Как ни странно, отец Юнги принял ситуацию в личной жизни сына довольно спокойно. Хотя вполне вероятно, что он просто не показал своего настоящего отношения. Господин Мин просто сказал, что надеется на скорейшее выздоровление Хосока, после чего ушёл в спальню. Мама попросила Юнги не переживать и поспешила вслед за мужем, а Мин просто радовался, что не было скандала. Он готов разбираться с этим потом, но не сейчас.
И не сейчас, сидя на лестнице в больнице, где в одной из палат лежит Чон Хосок.
Юнги проверил телефон, там была пара пропущенных звонков и десятки неотвеченных сообщений. Он понимал друзей и даже был им благодарен, но ещё одна часть его мечтала, чтобы все от него отстали. Чтобы не было нужды оправдываться перед родителями и братом, прятаться от родни Хосока, зависеть от тех крупиц информации, что приносила Давон, смотреть в глаза друзьям, быть одному.
Пальцы забегали по клавиатуре, вскоре на экране появилось в меру объективное сообщение. Юнги не стал его перечитывать и просто нажал на «отправить».
На следующий день всё повторилось, но с несколькими изменениями. Когда Мин снова пришёл в больницу, на скамейках его помимо ожидаемой тройки ждали два лучших друга. Без слов Намджун подошёл к нему и крепко обнял, а сразу за этим последовали такие же объятия от Сокджина. С ужасом Юнги понял, что еле сдерживает слёзы.
— Юнги, я... Даже не знаю, что тут можно сказать, — прошептал хён ему на ухо.
И Мин с грустной улыбкой покачал головой, как будто говоря, что слова тут излишни. Они сели обратно на места.
Если бы даже очень сильно постарался, Юнги не смог бы чётко описать эти дни. Они все слились в бессмысленное ожидание и бессмысленные слова. Только некоторые разговоры и люди запомнились.
Например, на второй день он всё же встретил Давон и родителей Хосока. В первый он пропустил, как они выходили из палаты, но на второй оказался рядом. Господин и госпожа Мин остановились рядом с их небольшой группой, чтобы быстро кивнуть и уйти. Вскоре из дверей вышла сестра Хосока. Ночью она ходила домой, чтобы переодеться и умыться, так что выглядела неплохо, хотя у неё всё ещё оставался затравленный и немного расфокусированный взгляд, как будто мыслями она была не тут. Она быстро рассказала им последние новости, которые не были утешительными. Хосок всё не просыпался, хотя врачи говорили, что его состояние стабилизировалось и его жизни уже ничего не угрожает. Теперь всё зависело только от него самого.

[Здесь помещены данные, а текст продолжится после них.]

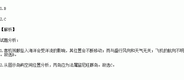 2.图示甲、乙、丙、丁四地,表示法属留尼旺群岛的是
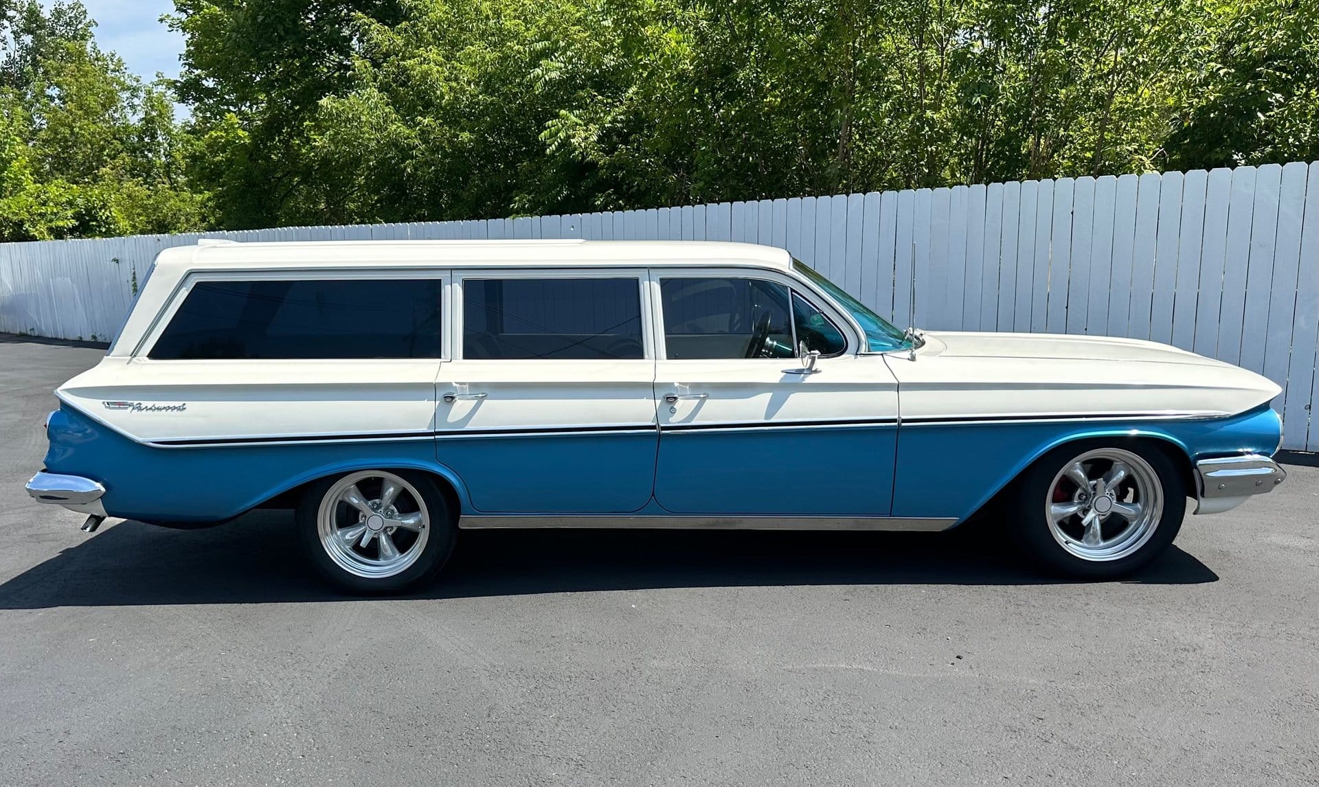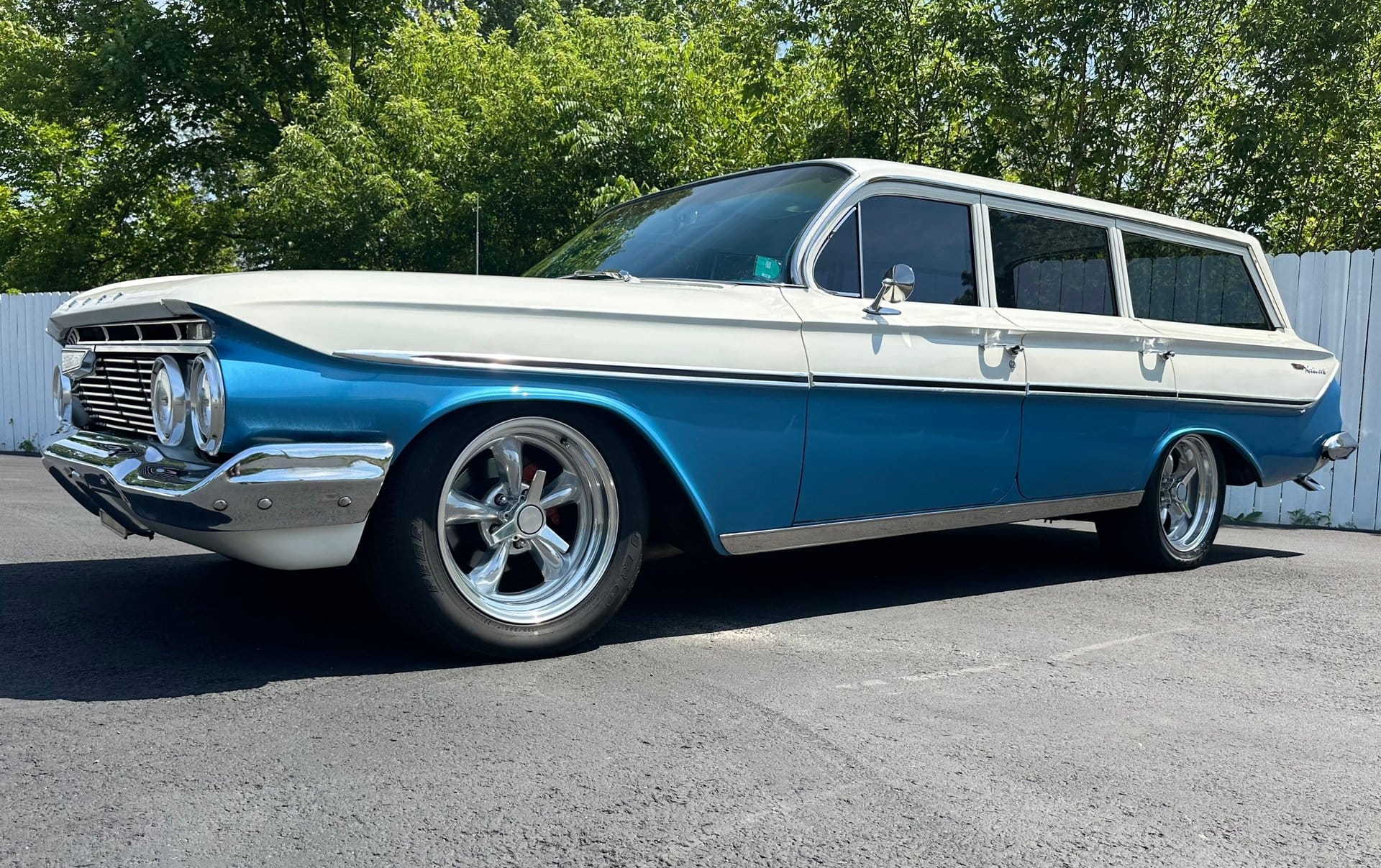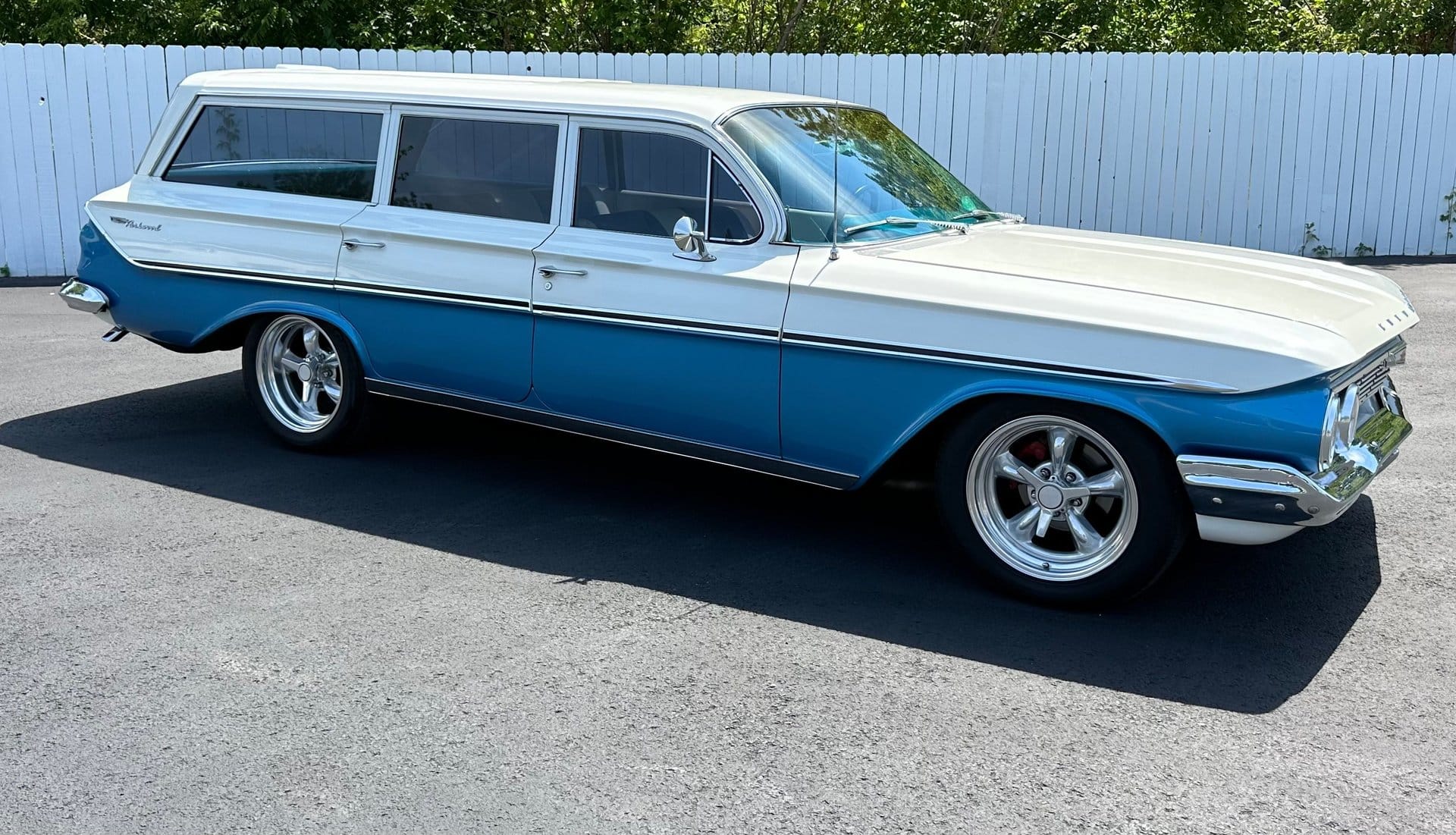 Ground-up restored 1961 Chevrolet Parkwood wagon with 348 V-8, modern upgrades, and proven reliability, built for long-distance cruising.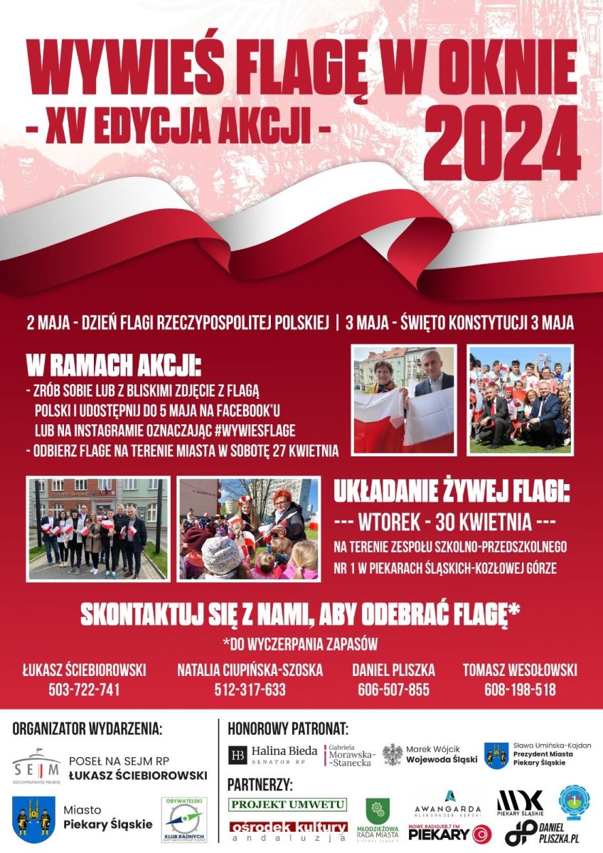 – Organizując akcję po raz pierwszy w Piekarach Śląskich w roku 2010 nie spodziewaliśmy się, że uda nam się co roku nieprzerwanie zapraszać mieszkańców do radosnego obchodzenia świąt majowych w ten właśnie sposób. Chcemy, żeby polskie symbole narodowe, jak właśnie flaga potrafiły nas jednoczyć nie tylko od święta. Nawet jeśli się różnimy światopoglądowo, warto, żeby takie hasła jak Ojczyzna, patriotyzm, flaga, godło, hymn pięknie nas jednoczyły wokół ważnych spraw. Niech akcja Wywieś Flagę w Oknie jest takim przyczynkiem do zastanowienia się nad tym co ważne dla Polski, ale i naszego regionu, miasta – mówi poseł Łukasz Ściebiorowski, jeden z głównych inicjatorów akcji.

Давон недолго посидела с ними, но потом сказала, что собирается сходить в столовую пока с Хосоком врачи. Юнги провожал её мрачным взглядом и, когда девушка уже зашла в лифт, не выдержал и кинулся за ней. Удивлённая Чон придержала дверь, и Юнги успел забежать в лифт, после чего двери медленно закрылись. У него сбилось дыхание и сердце выскакивало из груди, хотя пробежал он всего ничего.
— Нуна, я... Могу я его увидеть? Мне нужно... Мне нужно его увидеть.
Удивлённый взгляд девушки сменился на напряжённый. Давон посмотрела в сторону и сжала губы, так, что Юнги понял всё без слов, но сдаваться не собирался.
— Пожалуйста. Я не могу так больше. Сидеть там и не представлять, что происходит. Ты же можешь меня понять.
Она посмотрела на него снова, и Юнги увидел в её взгляде строгость, смирение и немного ненавистную Юнги жалость.
— Если бы всё зависело только от меня, то я бы разрешила. Но это против правил больницы, ты не часть семьи.
Мин отшатнулся назад. «Ты не часть семьи». Простая истина, в которой Юнги и не сомневался, тогда почему же так больно. Вспомнилась та улыбка в кафе и просьба «Позаботься о нём». Юнги не справился. Он не часть семьи.
— Но ведь дело не только в больнице, да? — с вызовом спросил он, понимая, что поступает не честно.
Давон устало вздохнула. Двери лифта разъехались в стороны, и им пришлось выйти, чтобы пропустить людей. Но они не пошли дальше, а остановились в фойе, обессиленно смотря друг на друга.
— Что ты хочешь от меня, Юнги? Мой брат не просыпается, и у меня уже нет сил противостоять родителям. Если... Когда Хосок очнётся, он разрешит тебе с ним увидеться. А пока что я ничего не могу сделать.
Запал Юнги прошёл. Он понимал, что Давон и правда не виновата, но сейчас он готов был злиться на кого угодно.
— Хотя бы расскажи мне, как он выглядит.
— Не думаю, что ты хочешь знать, — уже более мягко ответила девушка.
— Не хочу, — просто согласился Мин, — но должен.
Чон сомневалась пару секунд, но всё же сказала:
— Плохо. Весь в бинтах и синяках, с гипсом, куча проводов... Я даже немного завидую тебе, что ты не можешь зайти туда.
Рациональная часть сознания Юнги понимала, что следует ожидать чего-то такого. Но ещё одна часть его почему-то представляла, что Хосок ничем не отличается от обычного спящего себя. И что его может спасти какая-то глупость, вроде «поцелуя истинной любви». Только вот загвоздка в том, они не в сказке, и тут у падения с крыши есть последствия. И даже не только физические. Врачи ведь говорят, что он должен идти на поправку. Юнги как мог гнал мысли о том, что Хосок просто не хочет просыпаться, но сейчас они всё равно, как черви, залезли к нему в голову, разлагая надежду.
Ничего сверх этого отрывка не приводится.